3.5.  Closing a Connection

   CLOSE is an operation meaning "I have no more data to send."  The
   notion of closing a full-duplex connection is subject to ambiguous
   interpretation, of course, since it may not be obvious how to treat
   the receiving side of the connection.  We have chosen to treat CLOSE
   in a simplex fashion.  The user who CLOSEs may continue to RECEIVE
   until the TCP receiver is told that the remote peer has CLOSED also.
   Thus, a program could initiate several SENDs followed by a CLOSE, and
   then continue to RECEIVE until signaled that a RECEIVE failed because
   the remote peer has CLOSED.  The TCP implementation will signal a
   user, even if no RECEIVEs are outstanding, that the remote peer has
   closed, so the user can terminate his side gracefully.  A TCP
   implementation will reliably deliver all buffers SENT before the
   connection was CLOSED so a user who expects no data in return need
   only wait to hear the connection was CLOSED successfully to know that
   all their data was received at the destination TCP endpoint.  Users
   must keep reading connections they close for sending until the TCP
   implementation indicates there is no more data.

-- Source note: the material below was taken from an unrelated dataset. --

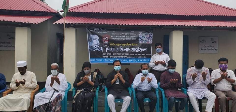 ফুলপুর পৌর শহর থেকে ৩কি.মি. দুরে সদর ইউনিয়নের আশ্রয়ণ প্রকল্পে এক সাথে ৪৪টি পরিবার। একসময় কিছুই ছিল না মাথা গোঁজার ঠাঁই। বঙ্গবন্ধুর কন্যা প্রধানমন্ত্রী দিলেন জমিসহ ঘর। ১৫ আগস্ট প্রধানমন্ত্রীর বাবা-মা সহ পরিবার ও নিকটাত্মীয়দের কে হত্যা করা হয়। মর্মান্তিক এ খবর টেলিভিশনে দেখে চোখের পানি ধরে রাখতে পারেনি ঘর পাওয়া এসব অসহায় পরিবারের লোকজন। তাদের কথা ‘যাঁর জন্য ভাগ্য খুইল্যা দিছে‘ প্রধানমন্ত্রী ঘর দিলেন ‘ প্রধানমন্ত্রীর বাবা জাতির পিতার জন্য জাতীয় শোক দিবসের আয়োজনে শরীক হলেন । অন্যরকম এ শোক দিবস অনুষ্ঠানে উপস্থিত হন ফুলপুর উপজেলা প্রশাসন ,ইউপি চেয়ারম্যানসহ অনেকেই। এসব উপকারভোগীদের এমন অনুষ্ঠানের আয়োজন দেখে আবেগাপ্লুত হয়ে পড়েন ফুলপুর উপজেলা নির্বাহী অফিসার( ইউএনও) শীতেষ চন্দ্র সরকার সহ সকলেই। নগুয়া আশ্রয়ণ প্রকল্পের জাতীয় শোক দিবসটি অন্যরকম বলে মন্তব্য করেন। সেখানে গিয়ে দেখা যায়, স্থানীয় মসজিদের ইমাম সহ আশ্রয়ণের নিজ ঘরের সামনেই বসা। কোরআন খতমসহ দোয়া মাহফিলের আয়োজন। অপর দিকে অরুন চন্দ্র বিশ্বাস নামের একজন উপকারভোগী বড় পর্দায় বঙ্গবন্ধুর জন্য খ্যাতিমান শিল্পীদের বিভিন্ন গান ,যদি রাত পোহালে শোনা যেতো ,বঙ্গবন্ধু মরে নাই- শোন একটি মুজিবুরের থেকেসহ বিভিন্ন গান। ফশর আলী (৭৫) , নূরজাহান,রেনু রানী, মর্জিনা খাতুন সহ এসব ঘরের বাসিন্ধারা জানান, প্রধানমন্ত্রী আমাদের জন্য ঘর উপহার দিলেন সারাজীবন তাঁর পরিবারের জন্য দোয়া করবো । এ সময় স্থানীয় ইউপি চেয়ারম্যান জাহাঙ্গীর আলম শুরুতেই বক্তব্য রাখেন। ফুলপুরের সহকারী কমিশনার (ভূমি) ফারজানা আক্তার ববি বঙ্গবন্ধুকে নিয়ে সরল ভাষায় তাঁদের সামনে এ মহান নেতার জীবন সমন্ধে তুলে ধরেন। আশ্রয়ণ পরিবারের উদ্যোগে জাতীয় শোক দিবস অনুষ্ঠানের প্রধান অতিথি ফুলপুর উপজেলা নির্বাহী অফিসার (ইউএনও) শীতেষ চন্দ্র সরকার ১৫ আগস্টের ভয়াল স্মৃতির কথা তুলে ধরেন। বঙ্গবন্ধুর স্মৃতিচারণা করতে গিয়ে তিনি বলেন, বঙ্গবন্ধুর স্বপ্ন ছিল সোনার বাংলা গড়ার। এ দেশে গৃহহীনদের জন্য তিনিই প্রথম কাজ করেন।জাতির পিতাকে হত্যা করলেও তাঁর স্বপ্ন ও আদর্শকে নিয়ে মাননীয় প্রধানমন্ত্রী দেশ পরিচালনা করছেন। এ সময় উপস্থিত সবাই হতবাগ হয়ে যান। অনেকের চোখে পানি নিয়ে দোয়া ও মিলাদ মাহফিলে অংশ গ্রহন করেন। এ সময় উপস্থিত ছিলেন শুভসংঘের উপদেষ্টা কৃষিবিদ কামরুল হাসান কামু ,উপজেলা জনস্বাস্থ্য প্রকৌশলী দারুস সালাম, সিনিয়র সাংবাদিক বিল্লাল হোসাইন, মোস্তফা খান প্রমুখ।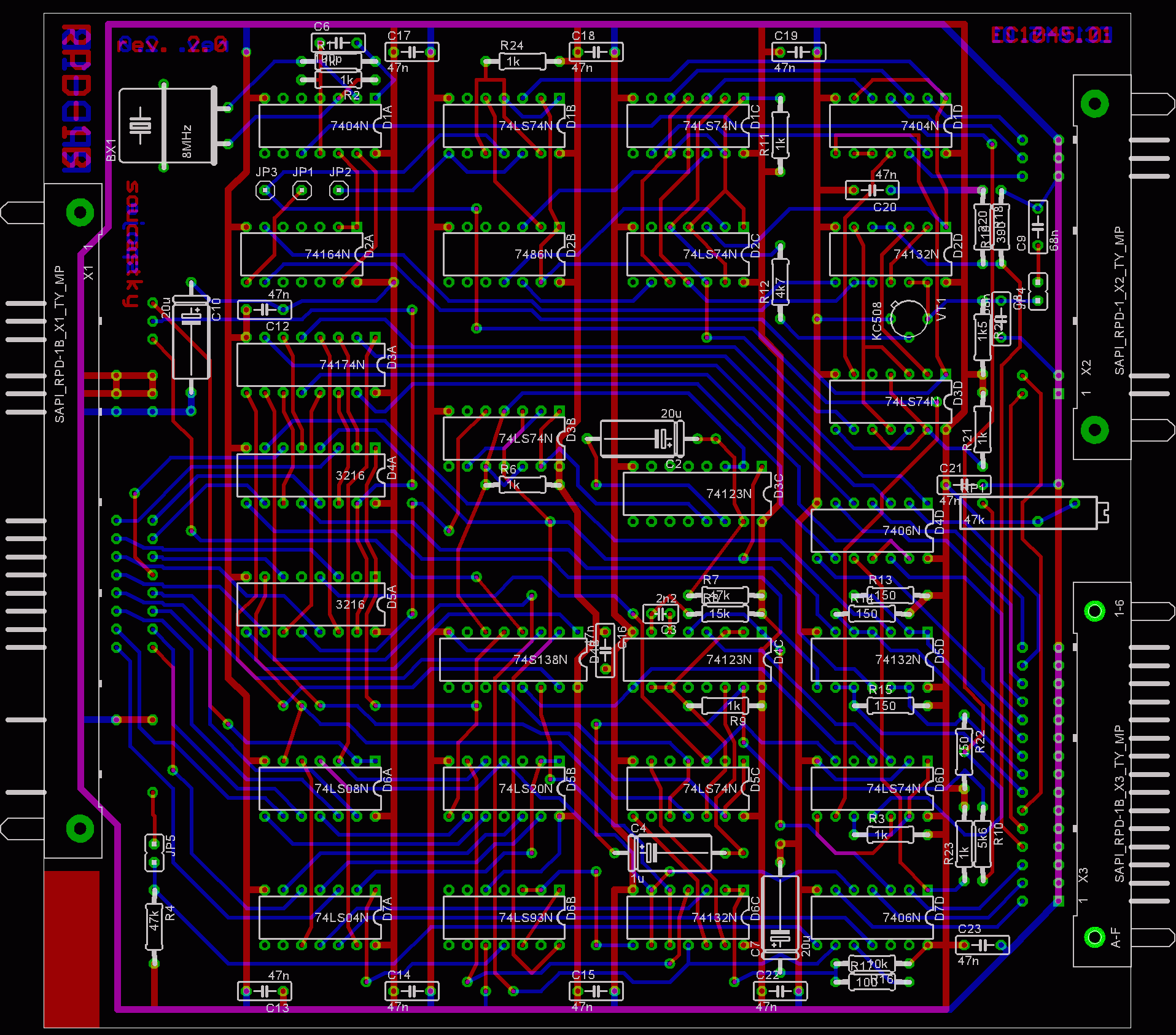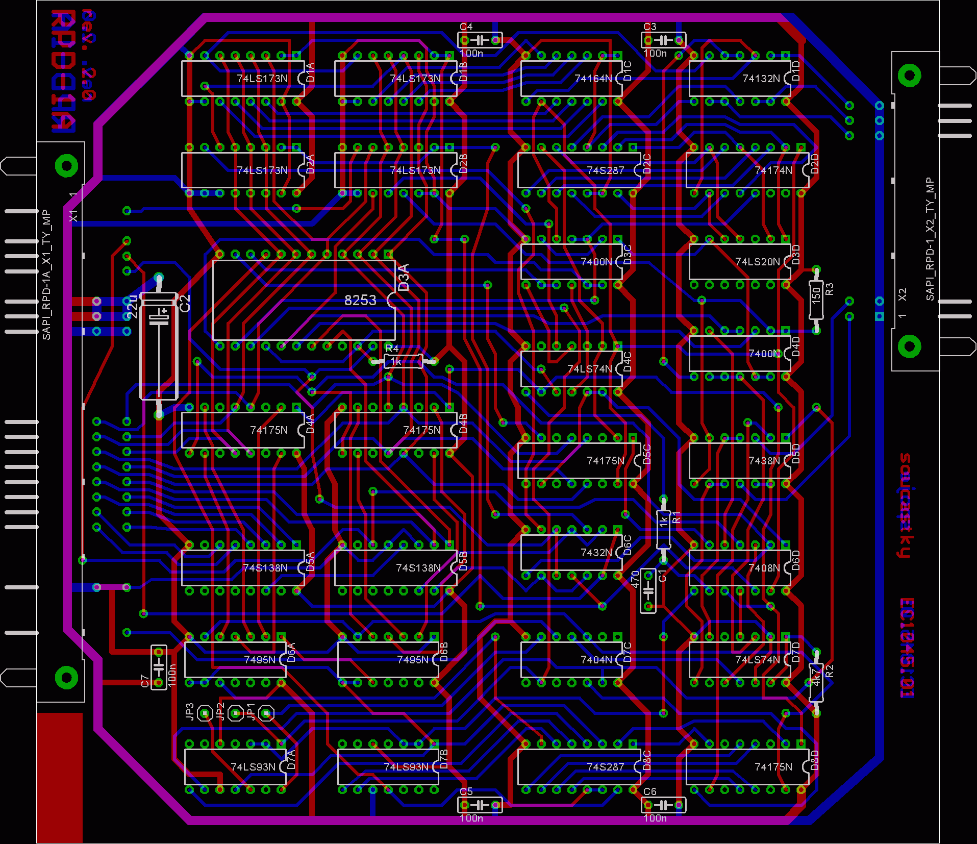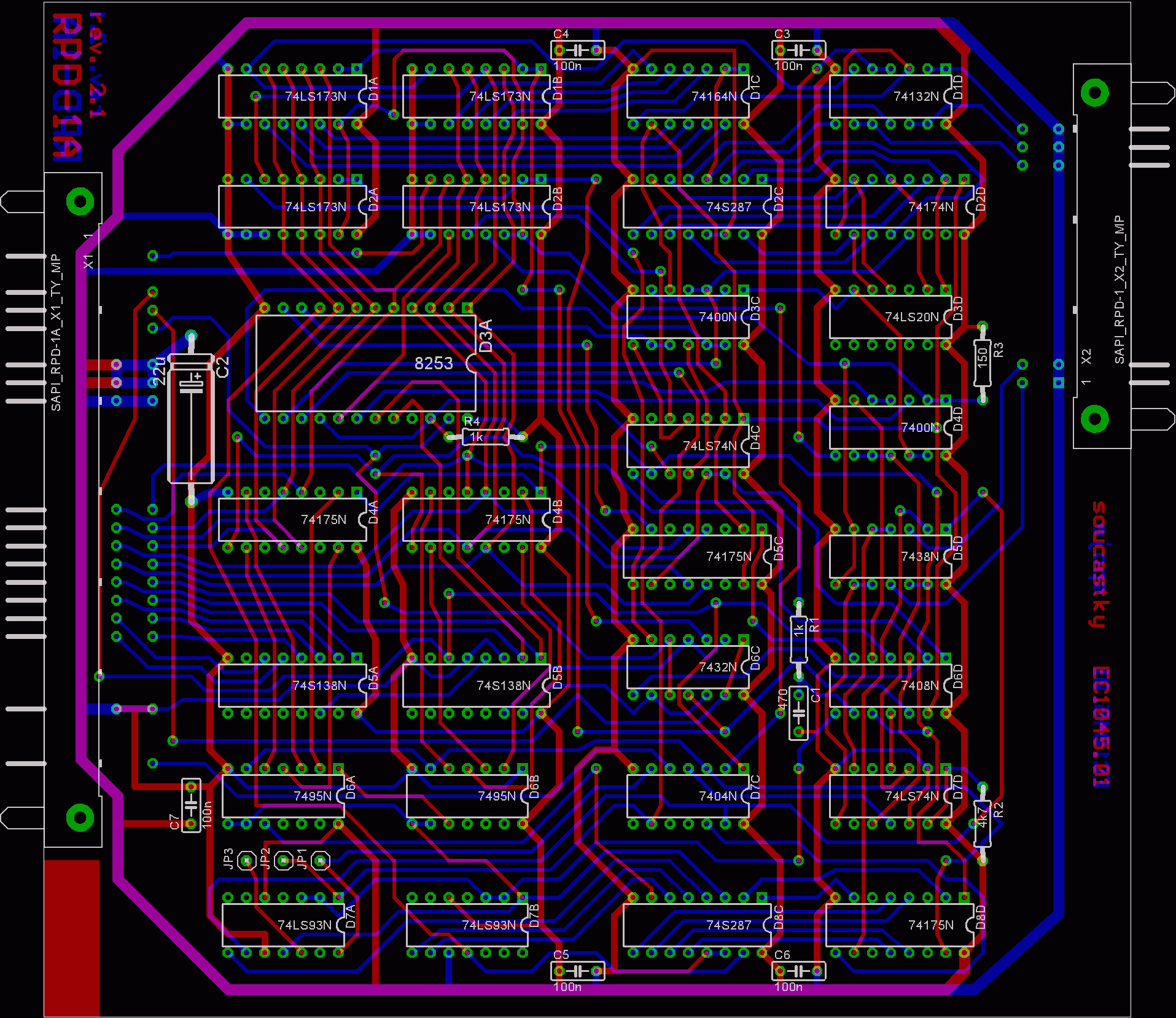 Deska RPD-1A tvoří datový interface mezi sériovou informací přicházející z disku a paralelní sběrnicí počítače. Rovněž tato deska je rozdělena do několika částí

   There are essentially three cases:

      1) The user initiates by telling the TCP implementation to CLOSE
      the connection
      2) The remote TCP endpoint initiates by sending a FIN control

      3) Both users CLOSE simultaneously

   Case 1:  Local user initiates the close

      In this case, a FIN segment can be constructed and placed on the
      outgoing segment queue.  No further SENDs from the user will be
      accepted by the TCP implementation, and it enters the FIN-WAIT-1
      state.  RECEIVEs are allowed in this state.  All segments
      preceding and including FIN will be retransmitted until
      acknowledged.  When the other TCP peer has both acknowledged the
      FIN and sent a FIN of its own, the first TCP peer can ACK this
      FIN.  Note that a TCP endpoint receiving a FIN will ACK but not
      send its own FIN until its user has CLOSED the connection also.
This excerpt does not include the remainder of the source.